Colonization of microclimates

Gene Spears spears at
Thu Jun 11 09:32:27 EST 1992

In article <1992Jun10.224704.13682 at> rthomson at (Rich Thomson) writes:

>>While each little habitat "island" may have a limited number of 
>>species (and classic island biogeographic theory suggests that the number of 
>>species in each "island" is at equilibrium, and your efforts would only 
>>temporarily increase diversity), the different "islands" may have different 
>>assemblages of species.

>Where can I study about this "classic island biogeographic theory"?
>If we're talking the kind of island in the ocean, how is that relevant
>to a place like the middle of a continent?

	The best source for the classic theory is a short book by 
MacArthur & Wilson called (appropriately enough) "The Theory of Island 
Biogeography".  The reading is a bit heavy in spots, but the overall ideas 
are reasonably straightforward.  Basically, the idea is that the number of 
species found on an island depends on the rate of immigration and 
extinction, creating a dynamic equilibrium.  Even though the particular 
species found on an island will change over time, the number of species 
should remain relatively constant.  Variables like island area and distance 
from the mainland also effect the equilibrium number by affecting 
immigration and extinction rates.  More recent research shows that things 
are probably a bit more complicated than the equilibrium model 
	A lot of research has been done to suggest that isolated 
patches of habitat (like the fumaroles you described) can be considered as 
islands, even though they're surrounded by dry land.

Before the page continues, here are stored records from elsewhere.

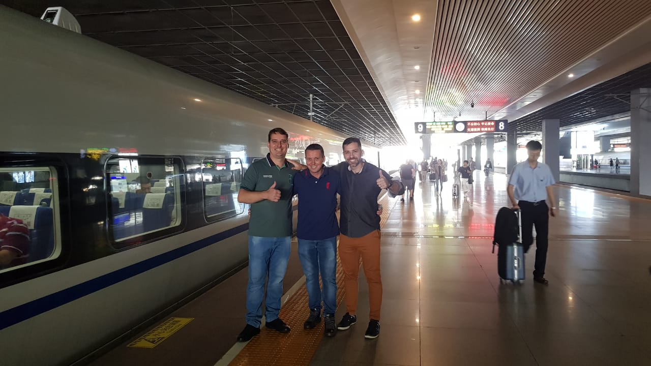 Logo após a visita conseguimos almoçar com os chineses e ter um almoço típico, que é bacana e ajuda a desenvolver o relacionamento. Foi um dia de muito aprendizado.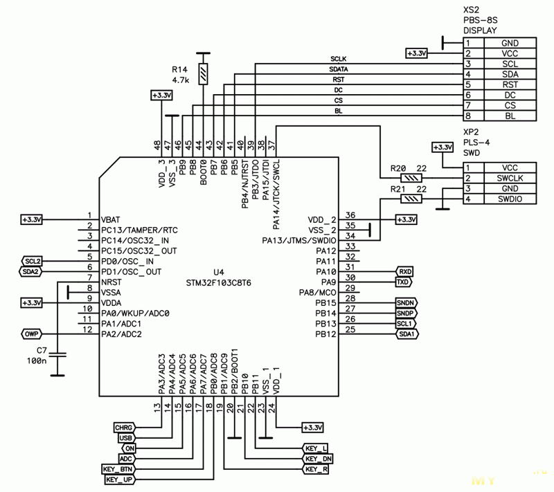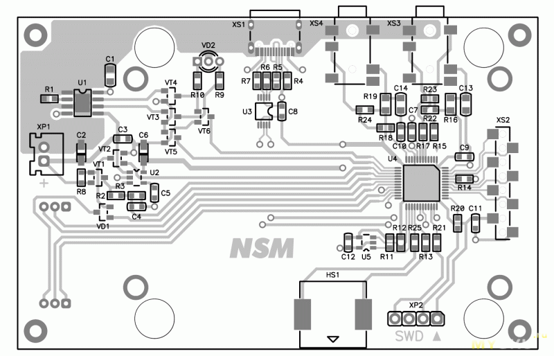 В качестве процессора использовал распространенный и дешевый 32-разрядный микроконтроллер STM32F103C8T6 (U4). Работает он от встроенного RC-генератора (HSI), тактовая частота выбрана 64 МГц. Для прошивки и отладки на плате предусмотрен разъем SWD (XP2).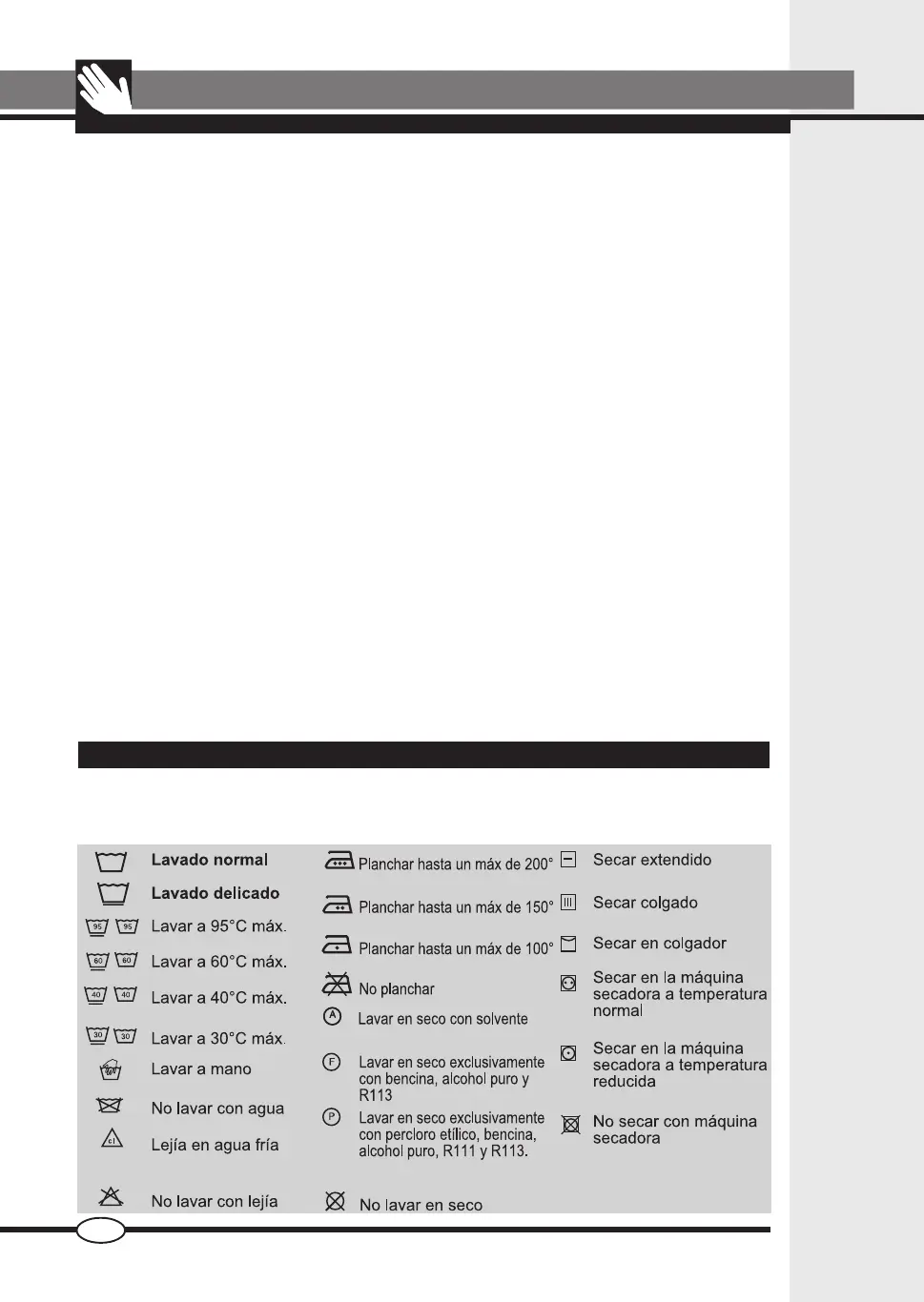 recomienda examinar los símbolos ubicados en las etiquetas del productor. La tabla que se indica a
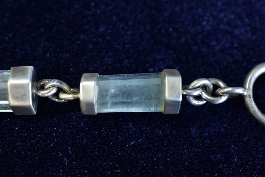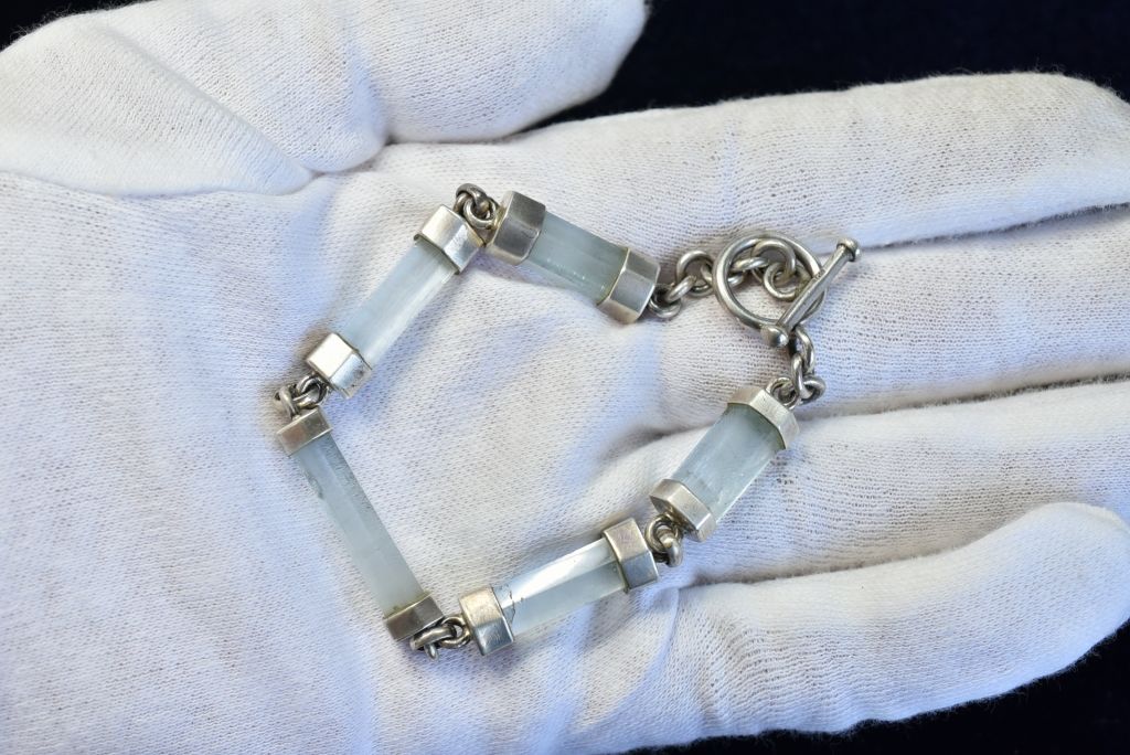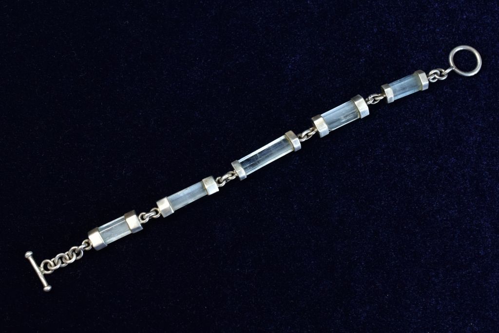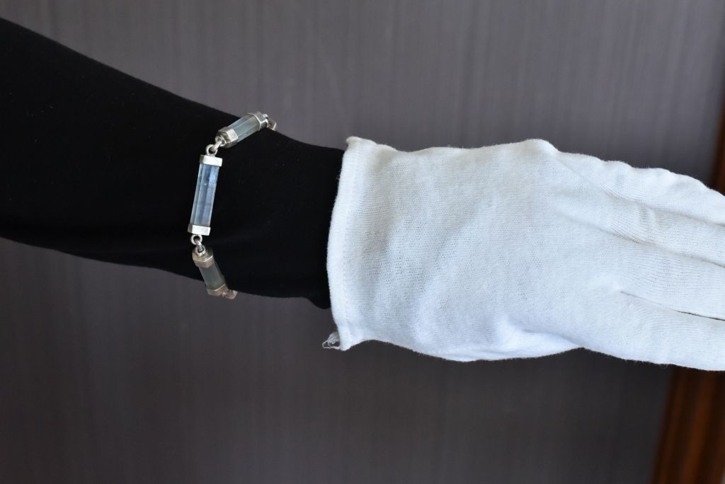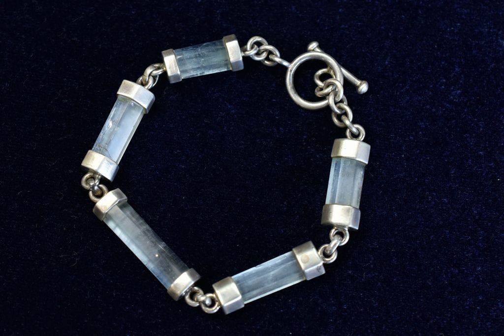 その山の中腹、標高5,000付近で採取された天然のアクアマリンを5個、シルバーのキャップに被せて繋げた珍しいスタイルのブレスレットです。

>>      The system that you describe would be an ideal one for ecological 
>>studies of extinction and colonization.  Better to leave it alone for some 
>>future research.

>Better get there before the cows get at it, then.  This area also
>includes the following "goodies": plenty of monocrop farming right
>next door, the free world's largest Beryllium mine, various mining
>prospects, garbage dumps, and a cinders mine (for garden lava rock).
>This may give you a different idea of what this place looks like (my
>first description only described the aspects relevant to my query);
>this is definately *not* a pristine, untouched environment.

Jeeze, apparently not.  I liked the first description of the site much 
better.  Well, scratch that summer vacation to Utah.....

>My basic point is: man's current effect on this area doesn't seem
>positive, so how can an individual act in such a way as to counteract
>the negative effects of man's other endeavors?  I'm thinking something
>similar to the man who planted acorns in Southern France after WW II,
>reforesting an entire locale by himself by patient, persistent
>planting of acorns.

Something that is frequently done here in the southern Appalachians are 
"rescue" attempts when a highway is being constructed or expanded.  People 
go through the surveyed areas and dig up flame azaleas, trilliums, orchids 
and other plants in the road right-of-way.  Most of these wind-up in people'
s backyards, but some are transplanted back in adjacent woodlands.
	Much of the vegetative restoration work at local strip-mines has had 
little success because seedlings perished in the harsh, unvegetated soil 
in which they were planted.  They concluded that a good mulch layer was the 
simplest, least expensive way to increase successful reclamation.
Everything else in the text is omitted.